Falling in love with the game
I love the challenge I get from tennis. I love the direct correlation between your effort and your results. That’s the same at every level – from juniors, to now competing with the best players in the world. It’s that competition that pushes me forward.
There’s also a huge correlation between your physical and mental strength. When you’re strong physically, you have the mental strength to know you can keep playing, no matter how long the match lasts. If you know you’re in good shape, you have more confidence and freedom. The reverse is also true. If you’re mentally strong, if you keep feeding yourself good, positive information, then you move better, you trust yourself more.
I turned pro in 2007, aged 21. But I first started playing when I was about six, my younger brother and I were coached by our dad. Growing up in South Africa, we were quite far from the tennis scene and that helped us develop a strong work ethic. By the time I was 17, I was abroad a couple of months of the year, playing in tournaments alongside the best players in the world. Then I went from juniors to the University of Illinois for two and a half years. That was a great place to work on my game and establish a base. It gave me a really good platform to play pro events.
Growing up, Pete Sampras was my hero. I really looked up to his success, his consistency, his professionalism. And his desire to win. No surprise he held the Grand Slams record for so long.

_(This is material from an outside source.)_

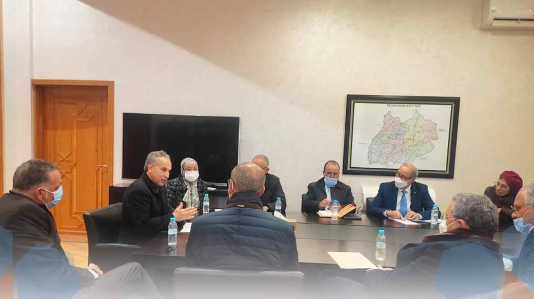 في إطار المقاربة التشاركية التي ينهجها مجلس جهة مراكش اسفي، عقد السيد سمير كودار رئيس المجلس، يوم الثلاثاء 18 يناير 2022، جلسة عمل مع السيد يوسف محيي، رئيس الاتحاد العام لمقاولات المغرب- فرع جهة مراكش اسفي؛ السيد يوسف محيي؛ بحضور السيدات والسادة أعضاء الاتحاد العام، ممثلي مختلف القطاعات الاقتصادية.

South AfricaCOUNTRY OF BIRTH
205 LBSWEIGHT (93 KG)
6'8"HEIGHT (203 CM)
MY BEST SO FAR
My aim is to win a Grand Slam. Especially having made the final of the 2017 US Open. That was my proudest moment so far in tennis. As a kid, you dream about winning a Grand Slam. So the chance to compete for one was huge. Unfortunately I fell one match short, against one of the best players of all time in Rafael Nadal. But it was a great two weeks, I overcame new challenges and I learned a lot that will serve me well in the future.
“My dad always said you only fail if you don’t give everything. If you work as hard as you can and do everything in your power, you’re a success. Even if you don’t achieve your goals.”
My pro tips
My most important tip came from my parents – never be afraid of failure. You have to put yourself out there. My dad always said you only fail if you don’t give everything. If you work as hard as you can and do everything in your power, you’re a success. Even if you don’t achieve your goals. There are always disappointments and you learn to deal with them. But if you give everything, you’ll be proud of your achievements.
There’s a great quote that echoes that idea. It’s from John Wooden, the legendary UCLA basketball coach. “Success is a peace of mind which is a direct result of self-satisfaction in knowing you made the effort to become the best of which you are capable.”
I firmly believe that when you do all the little things right, when you take the focus away from just winning or losing, then the winning or losing often takes care of itself.
But losing a match is always tough. There’s so much emotion, you work so hard. Ultimately you need to put things in perspective, it’s only a tennis match at the end of the day. My wife’s a great help. She understands I’m disappointed, but she picks me up and motivates me to try and do better next time.
My wife’s traveled with me for the last five years. That’s a really big help. Having her on the road helps ground me. It can be tough living out of suitcases, being away from home, so having my companion with me really helps. This year we’ve added a dog to our entourage. She helps keep things in perspective. She’s excited to see me – win or lose.
Hobbies help keep you grounded too. I’m into cricket, golf and playing the guitar. I’m South African and we’ve got a very proud cricketing heritage. So I love getting behind the Proteas (national team). I’ve also played golf for years. It’s something I share with my wife and her whole family. Her dad’s actually a pro golfer. I picked up the guitar about five years ago. As a tennis player you’re waiting around a lot. So I travel with a small guitar and it really helps me.